- Stanley Location within New Mexico Stanley Location within the United States
- Coordinates: 35°09′08″N 105°59′37″W﻿ / ﻿35.15222°N 105.99361°W
- Country: United States
- State: New Mexico
- County: Santa Fe

Area
- • Total: 6.17 sq mi (15.99 km^{2})
- • Land: 6.17 sq mi (15.99 km^{2})
- • Water: 0 sq mi (0.00 km^{2})
- Elevation: 6,345 ft (1,934 m)

Population (2020)
- • Total: 108
- • Density: 17.5/sq mi (6.75/km^{2})
- Time zone: UTC-7 (Mountain (MST))
- • Summer (DST): UTC-6 (CDT)
- ZIP code: 87056
- Area code: 505
- FIPS code: 35-75010
- GNIS ID: 2806768

= Stanley, New Mexico =

Unincorporated community in New Mexico, United States

Stanley is an unincorporated community in Santa Fe County, New Mexico, United States. As of the 2020 census, Stanley had a population of 108. The ZIP code is 87056.
==Geography==
===Climate===
Climate type occurs primarily on the periphery of the true deserts in low-latitude semiarid steppe regions. The Köppen Climate Classification sub-type for this climate is BSk (Tropical and Subtropical Steppe Climate).

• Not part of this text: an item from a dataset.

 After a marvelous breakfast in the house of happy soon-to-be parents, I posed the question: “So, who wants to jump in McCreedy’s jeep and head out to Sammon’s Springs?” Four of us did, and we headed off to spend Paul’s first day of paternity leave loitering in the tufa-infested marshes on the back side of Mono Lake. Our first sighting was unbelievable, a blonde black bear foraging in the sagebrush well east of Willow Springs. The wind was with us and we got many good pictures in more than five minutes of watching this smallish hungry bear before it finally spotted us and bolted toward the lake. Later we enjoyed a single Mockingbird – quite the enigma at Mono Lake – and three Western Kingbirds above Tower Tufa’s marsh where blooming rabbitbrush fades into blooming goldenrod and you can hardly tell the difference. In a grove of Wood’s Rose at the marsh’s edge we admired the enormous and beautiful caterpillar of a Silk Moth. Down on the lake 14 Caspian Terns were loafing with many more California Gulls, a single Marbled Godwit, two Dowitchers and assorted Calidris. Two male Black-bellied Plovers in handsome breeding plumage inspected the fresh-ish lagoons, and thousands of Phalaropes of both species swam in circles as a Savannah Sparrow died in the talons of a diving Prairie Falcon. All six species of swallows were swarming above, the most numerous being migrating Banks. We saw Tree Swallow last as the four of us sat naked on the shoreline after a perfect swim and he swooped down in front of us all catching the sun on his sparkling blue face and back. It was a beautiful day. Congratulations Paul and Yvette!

Climate data for Stanley, New Mexico
| Month | Jan | Feb | Mar | Apr | May | Jun | Jul | Aug | Sep | Oct | Nov | Dec | Year |
| Mean daily maximum °F (°C) | 43 (6) | 49 (9) | 56 (13) | 65 (18) | 75 (24) | 84 (29) | 87 (31) | 84 (29) | 78 (26) | 68 (20) | 54 (12) | 45 (7) | 66 (19) |
| Mean daily minimum °F (°C) | 16 (−9) | 20 (−7) | 24 (−4) | 31 (−1) | 40 (4) | 48 (9) | 54 (12) | 52 (11) | 45 (7) | 34 (1) | 23 (−5) | 16 (−9) | 34 (1) |
| Average precipitation inches (mm) | 0.4 (10) | 0.4 (10) | 0.5 (13) | 0.5 (13) | 1 (25) | 1.2 (30) | 2.2 (56) | 2.2 (56) | 1.5 (38) | 1.2 (30) | 0.5 (13) | 0.5 (13) | 12.1 (310) |
Source: Weatherbase

==Demographics==

Historical population
| Census | Pop. | Note | %± |
| 2020 | 108 |  | — |
U.S. Decennial Census

==Education==
Stanley is in the Moriarty Municipal Schools district.

It was formerly in the Santa Fe School District, which operated a school in Stanley, which in 1962 had 150 students. In 1962 that district's school board approved a plan to have the district moved to Moriarty Municipal Schools. The superintendent of the Santa Fe district advocated for closing the Stanley School because of the following reasons: was in close proximity to the one of Moriarty, that it would not be viable as an elementary only school if only the high school were closed, the poor physical state of the building and it was not meeting the academic benchmarks set by the state government of New Mexico.

==Notable people==
- Alan Ebnother, artist
- Jeffrey Epstein, financier, convicted sex offender, owned a rural compound located approximately eight miles north of Stanley
- Alice King, former First Lady of New Mexico
- Bruce King, 23rd, 25th and 28th Governor of New Mexico
- David King, 25th Treasurer of New Mexico
- Gary King, 30th Attorney General of New Mexico and son of Bruce King

==Popular culture==
On January 18, 1975, Stanley was referenced in Hee Haw.